▶ _WHAT YOU NEED TO DO_
Each line of the records needs to be written out exactly, with any image left out.

(Beginning of SUPPLIED INFORMATION)

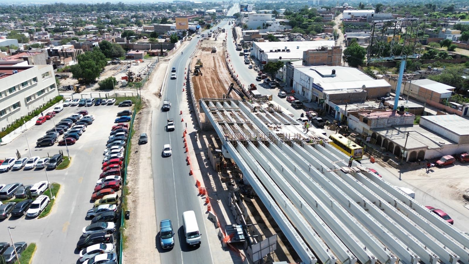 La Secretaría de Desarrollo Urbano, Vivienda y Obras Públicas (Seduvop), reporta un avance superior al 50 por ciento en la construcción del nuevo puente vehicular en Circuito Potosí y prolongación Coronel Romero, obra que brindará más apoyo en movilidad a más de 200 mil usuarios y usuarias.
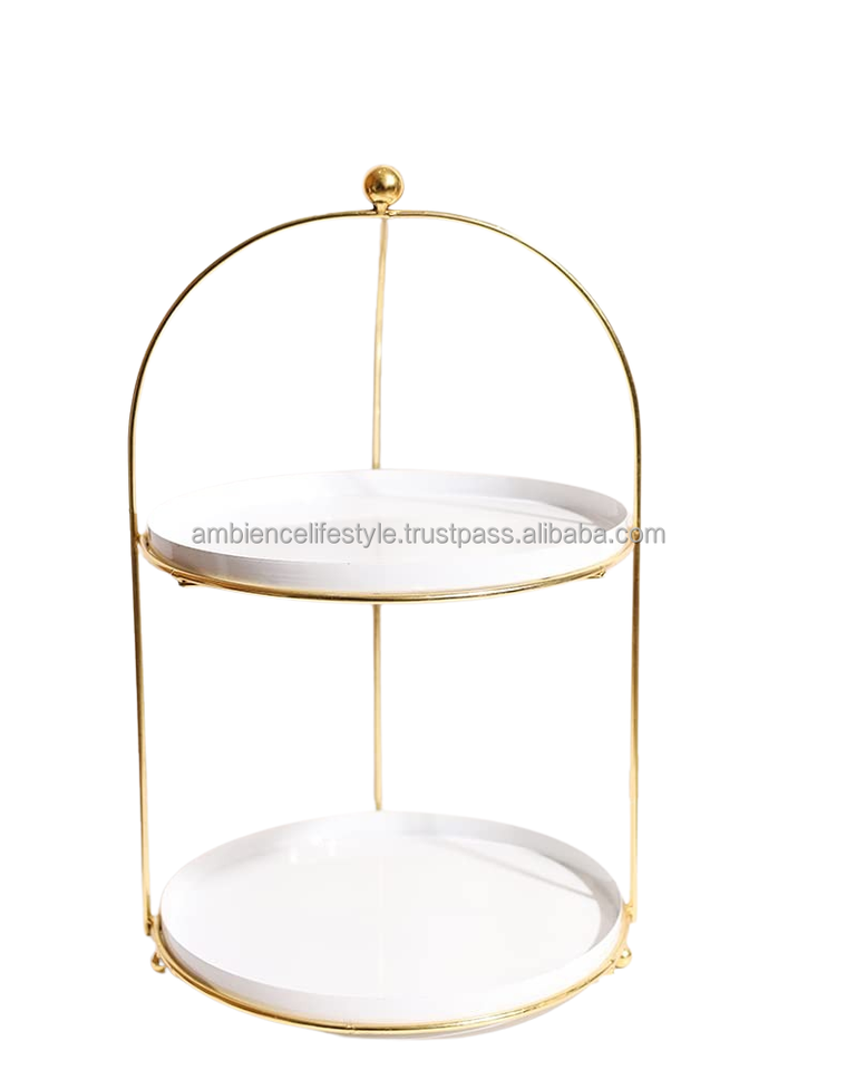 ที่ตั้งเค้กโลหะสีทอง3ชั้นสำหรับวางเค้กผงทองเคลือบสำหรับห้องครัวและขนมอบตามไลฟ์สไตล์ผู้ผลิตอินเดีย
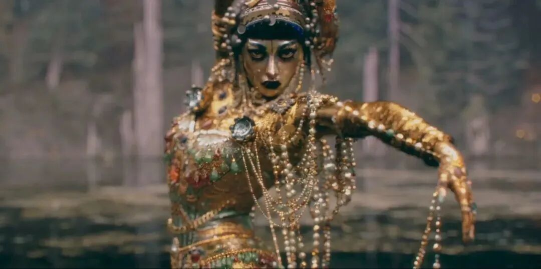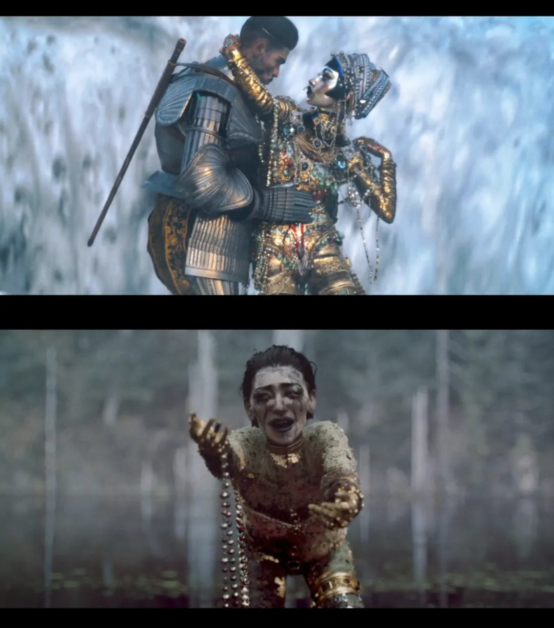 画面质感在质感方面,米尔戈和他的动画工作室 Pinkman.tv 将手绘图像与计算机生成的图像相结合,将各种纹理叠加在一起。让人不禁想起中世纪的插画,其中使用了一些贵金属来添加装饰。当士兵穿过树林时,森林的自然色调和纹理与士兵盔甲的金属反射交相辉映,并衬托着女妖身上无比绚烂的金属质感设计。 本季《爱死机》之《吉巴罗》是一封写给质感的超现实情书,一幅活生生的、略带诡异的美丽画作。 画面渲染从技术上讲,这部短片也非常复杂,不单要模拟那些与盔甲、珠宝接触的水、飞溅物,同时还要计算它们碰撞到水中的状态。这是极具挑战性的,但米尔戈想推动这些技术和视觉效果,将艺术品推向极限。当然,也因为这是一种浓缩的短片,创作者有更多的自由来探索这项技术。
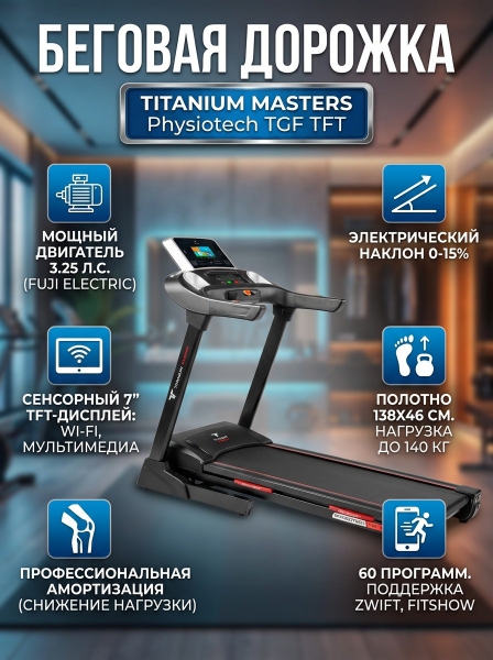 Беговая дорожка для дома Titanium Masters Physiotech TGF TFT - ДоставкаДоставка по Санкт-Петербургу: бесплатно, 2-3 дня Доставка по России: стоимость уточняйте у оператора. Беговая дорожка для дома Titanium Masters Physiotech TGF TFT - Отзывы0.0
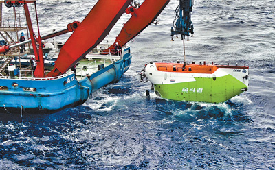 图为“探索一号”科考船正在回收“奋斗者”号。
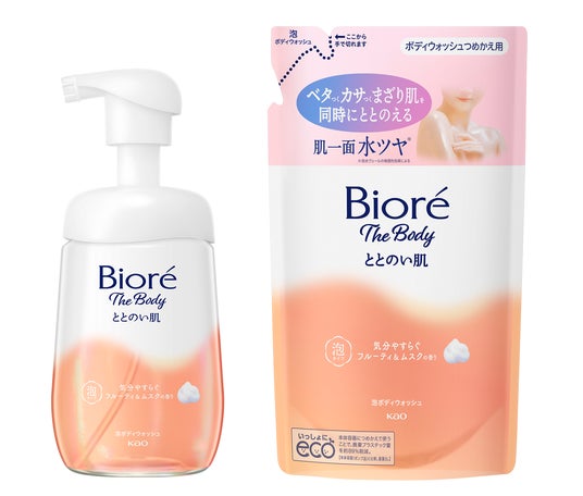 『ビオレ ザ ボディ ととのい肌』は、【世界初*2】花王独自の皮脂選択洗浄成分*3 を配合したボディウォッシュです。肌のうるおいに必要な皮脂は残し、肌に悪影響を与える不要な皮脂を洗い流す、“皮脂選択洗浄技術”を搭載し、背中はベタつくのにスネは乾燥するといった、からだの異なる肌悩みを抱える「ベタカサまざり肌*4」を、やさしく洗います。
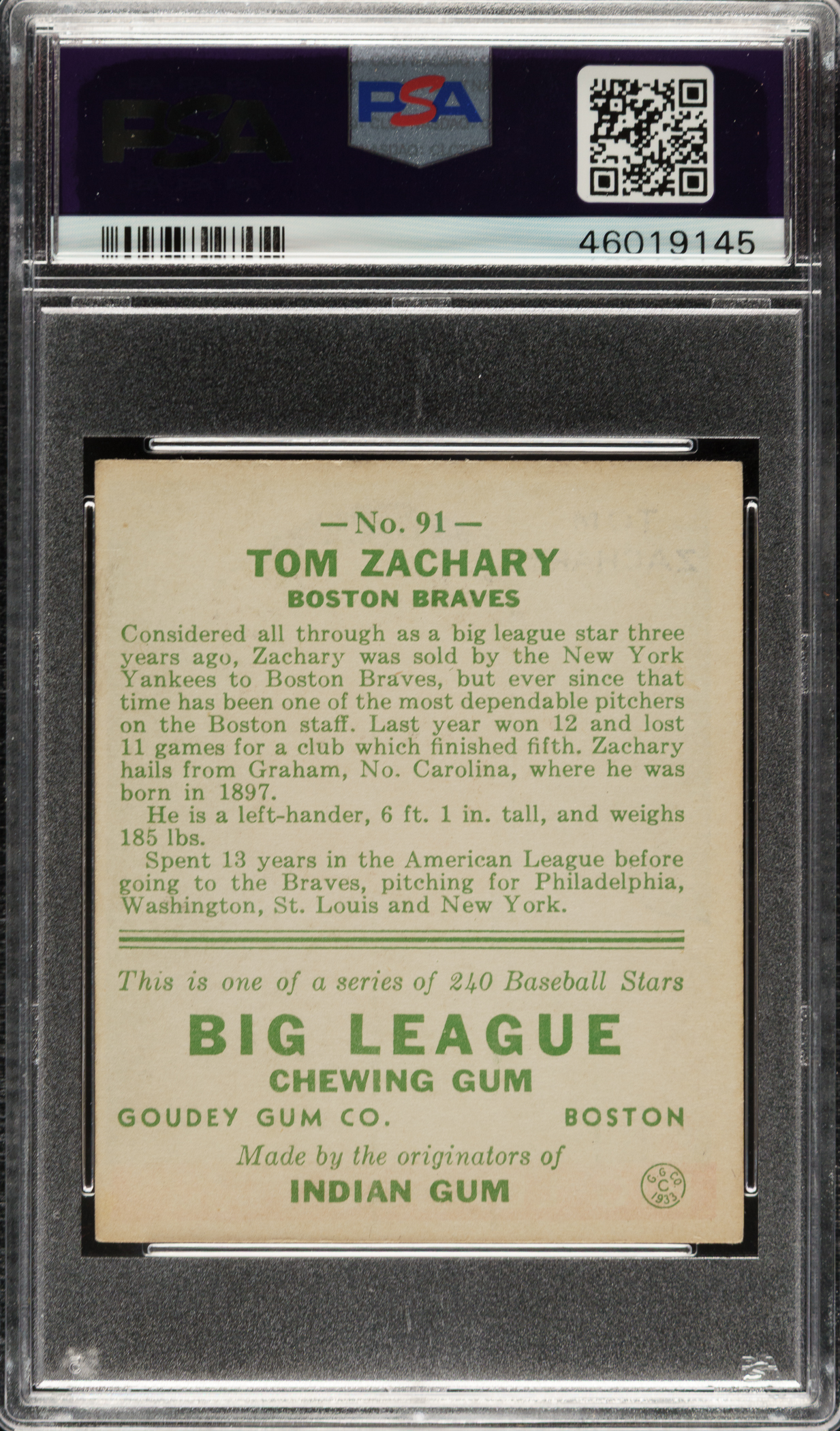 Graded EX 5 by PSA. Boston Braves.
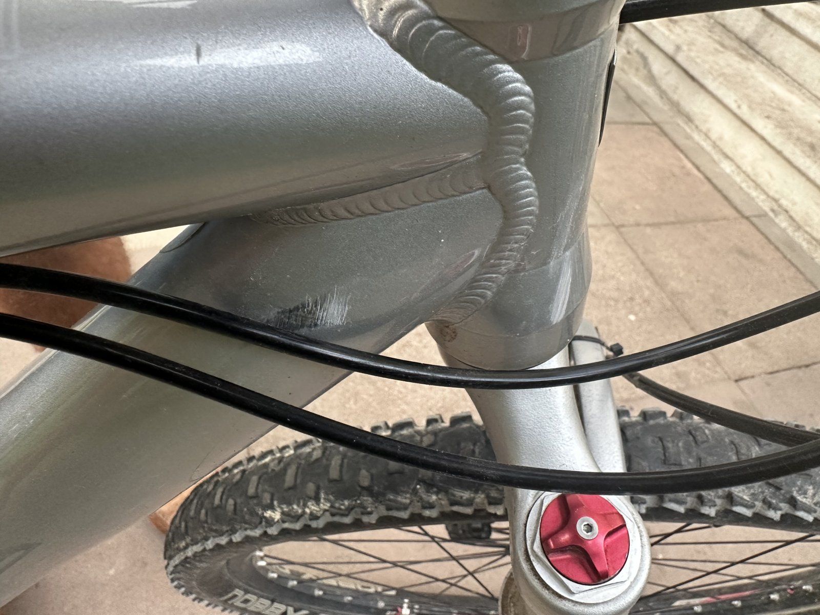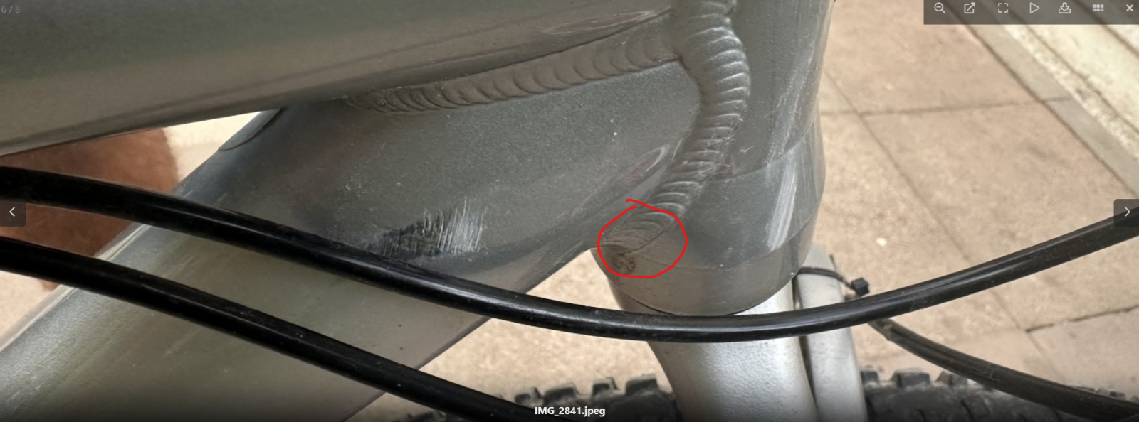 Ist auch ein schicker Rahmen, dessen Wert aber stark vom Zustand der Lager abhängt. Die Beschichtung der Kolbenstange vom Dämpfer scheint einseitig durchgerieben zu sein. Das kann man eventuell so fahren, wird aber auf Dauer zu Ölverlust und mieser Performance führen. Da müsste man auch nachsehen ob das an einer schiefen oder beschädigten Dämpferaufhängung liegt, wodurch der Dämpfer schräg belastet wird.

(End of SUPPLIED INFORMATION)

▶ _RESPONSE TO THIS TASK_
 La Secretaría de Desarrollo Urbano, Vivienda y Obras Públicas (Seduvop), reporta un avance superior al 50 por ciento en la construcción del nuevo puente vehicular en Circuito Potosí y prolongación Coronel Romero, obra que brindará más apoyo en movilidad a más de 200 mil usuarios y usuarias.
 ที่ตั้งเค้กโลหะสีทอง3ชั้นสำหรับวางเค้กผงทองเคลือบสำหรับห้องครัวและขนมอบตามไลฟ์สไตล์ผู้ผลิตอินเดีย
 画面质感在质感方面,米尔戈和他的动画工作室 Pinkman.tv 将手绘图像与计算机生成的图像相结合,将各种纹理叠加在一起。让人不禁想起中世纪的插画,其中使用了一些贵金属来添加装饰。当士兵穿过树林时,森林的自然色调和纹理与士兵盔甲的金属反射交相辉映,并衬托着女妖身上无比绚烂的金属质感设计。 本季《爱死机》之《吉巴罗》是一封写给质感的超现实情书,一幅活生生的、略带诡异的美丽画作。 画面渲染从技术上讲,这部短片也非常复杂,不单要模拟那些与盔甲、珠宝接触的水、飞溅物,同时还要计算它们碰撞到水中的状态。这是极具挑战性的,但米尔戈想推动这些技术和视觉效果,将艺术品推向极限。当然,也因为这是一种浓缩的短片,创作者有更多的自由来探索这项技术。
 Беговая дорожка для дома Titanium Masters Physiotech TGF TFT - ДоставкаДоставка по Санкт-Петербургу: бесплатно, 2-3 дня Доставка по России: стоимость уточняйте у оператора. Беговая дорожка для дома Titanium Masters Physiotech TGF TFT - Отзывы0.0
 图为“探索一号”科考船正在回收“奋斗者”号。
 『ビオレ ザ ボディ ととのい肌』は、【世界初*2】花王独自の皮脂選択洗浄成分*3 を配合したボディウォッシュです。肌のうるおいに必要な皮脂は残し、肌に悪影響を与える不要な皮脂を洗い流す、“皮脂選択洗浄技術”を搭載し、背中はベタつくのにスネは乾燥するといった、からだの異なる肌悩みを抱える「ベタカサまざり肌*4」を、やさしく洗います。
 Graded EX 5 by PSA. Boston Braves.
 Ist auch ein schicker Rahmen, dessen Wert aber stark vom Zustand der Lager abhängt. Die Beschichtung der Kolbenstange vom Dämpfer scheint einseitig durchgerieben zu sein. Das kann man eventuell so fahren, wird aber auf Dauer zu Ölverlust und mieser Performance führen. Da müsste man auch nachsehen ob das an einer schiefen oder beschädigten Dämpferaufhängung liegt, wodurch der Dämpfer schräg belastet wird.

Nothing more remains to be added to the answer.